══ RAW DATA

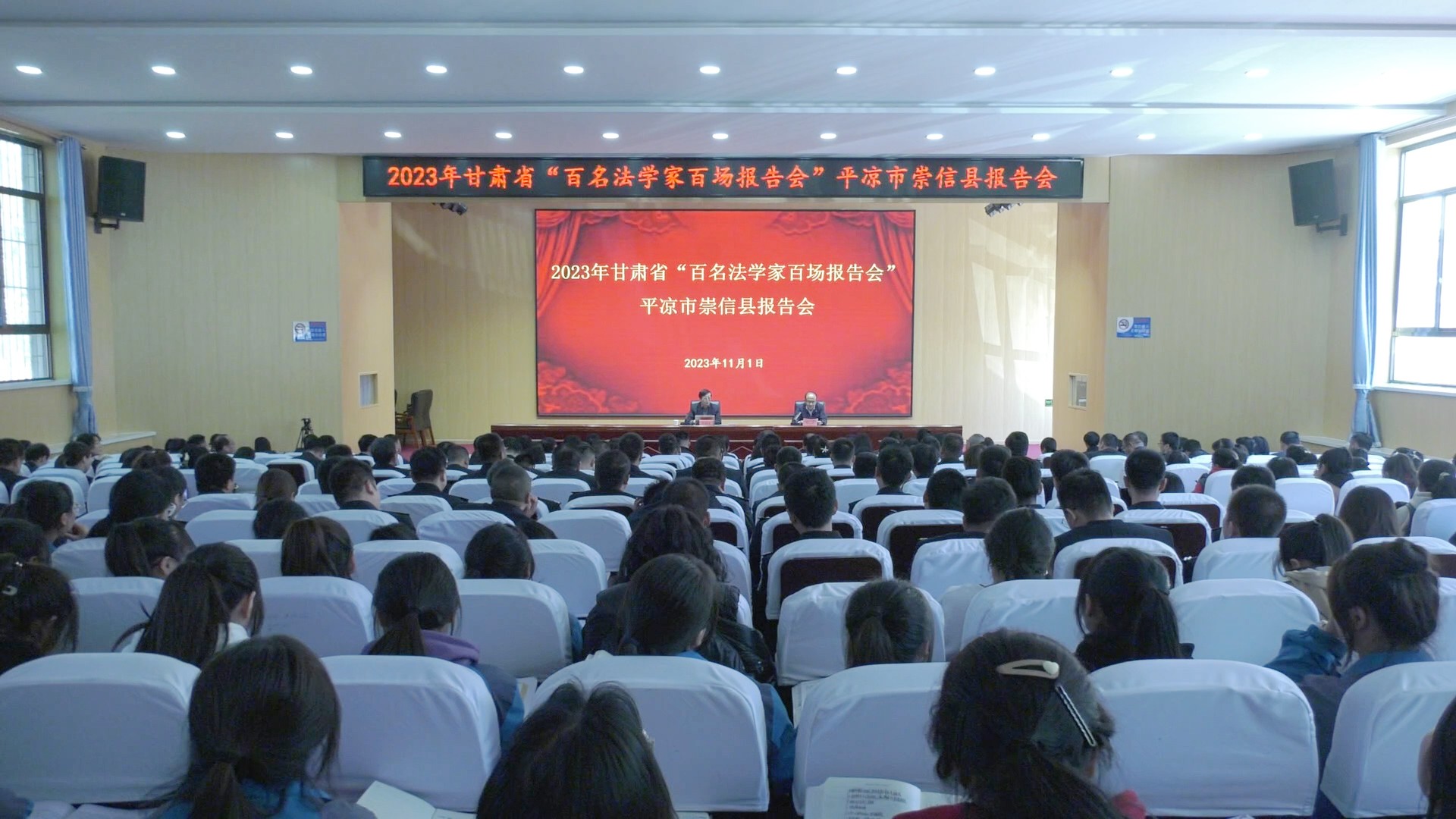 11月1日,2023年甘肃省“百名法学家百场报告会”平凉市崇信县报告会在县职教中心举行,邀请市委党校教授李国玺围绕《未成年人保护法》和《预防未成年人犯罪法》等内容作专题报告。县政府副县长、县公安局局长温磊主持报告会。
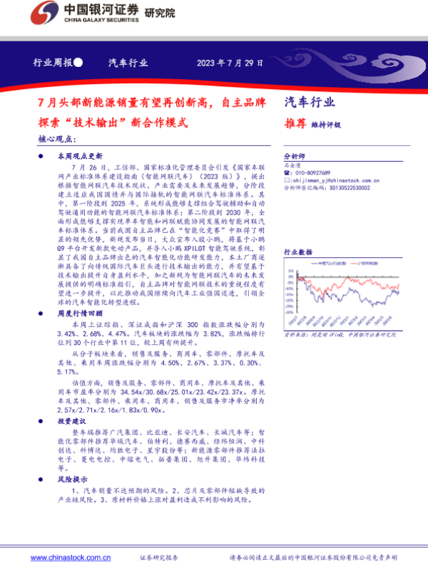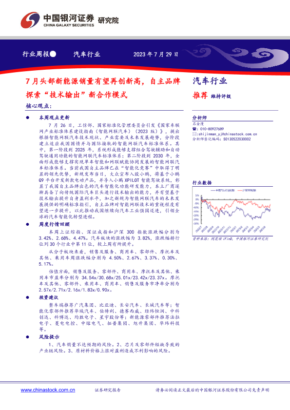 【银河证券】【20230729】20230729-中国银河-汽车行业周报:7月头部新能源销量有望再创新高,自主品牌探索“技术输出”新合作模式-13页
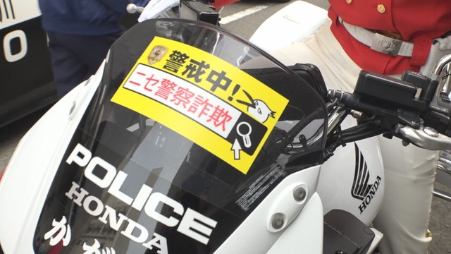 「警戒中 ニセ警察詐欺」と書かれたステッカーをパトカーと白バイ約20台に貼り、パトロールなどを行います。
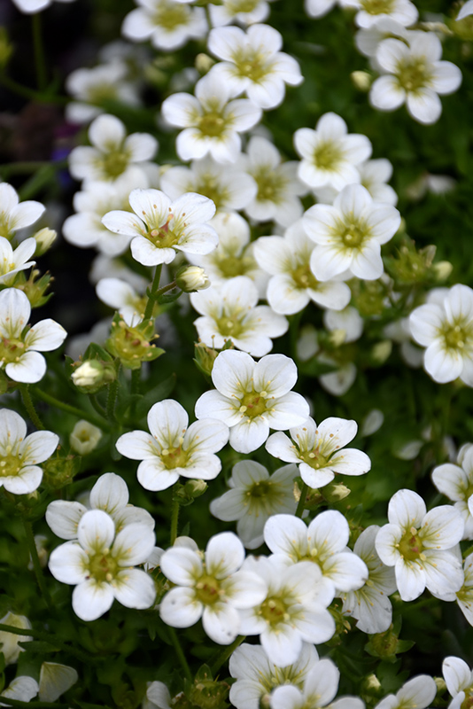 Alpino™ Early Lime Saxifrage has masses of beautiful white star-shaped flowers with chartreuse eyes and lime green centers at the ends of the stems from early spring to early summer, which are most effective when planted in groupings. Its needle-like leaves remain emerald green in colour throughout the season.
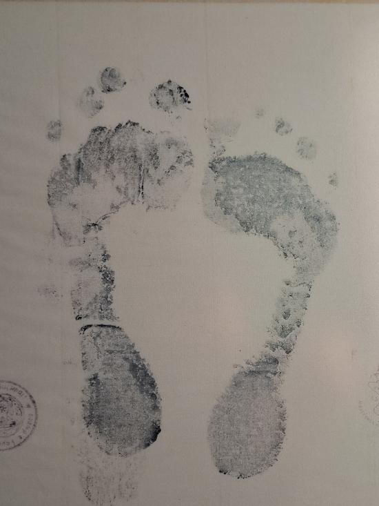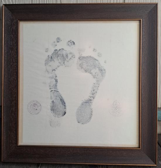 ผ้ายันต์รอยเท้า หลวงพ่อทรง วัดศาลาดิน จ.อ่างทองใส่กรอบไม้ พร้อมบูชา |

════

Repeat only the lines from the one holding "Alpino™ Early Lime" through the last line of the data, inclusive. Keep the pictures out.

» WORKED SOLUTION
 Alpino™ Early Lime Saxifrage has masses of beautiful white star-shaped flowers with chartreuse eyes and lime green centers at the ends of the stems from early spring to early summer, which are most effective when planted in groupings. Its needle-like leaves remain emerald green in colour throughout the season.
 ผ้ายันต์รอยเท้า หลวงพ่อทรง วัดศาลาดิน จ.อ่างทองใส่กรอบไม้ พร้อมบูชา |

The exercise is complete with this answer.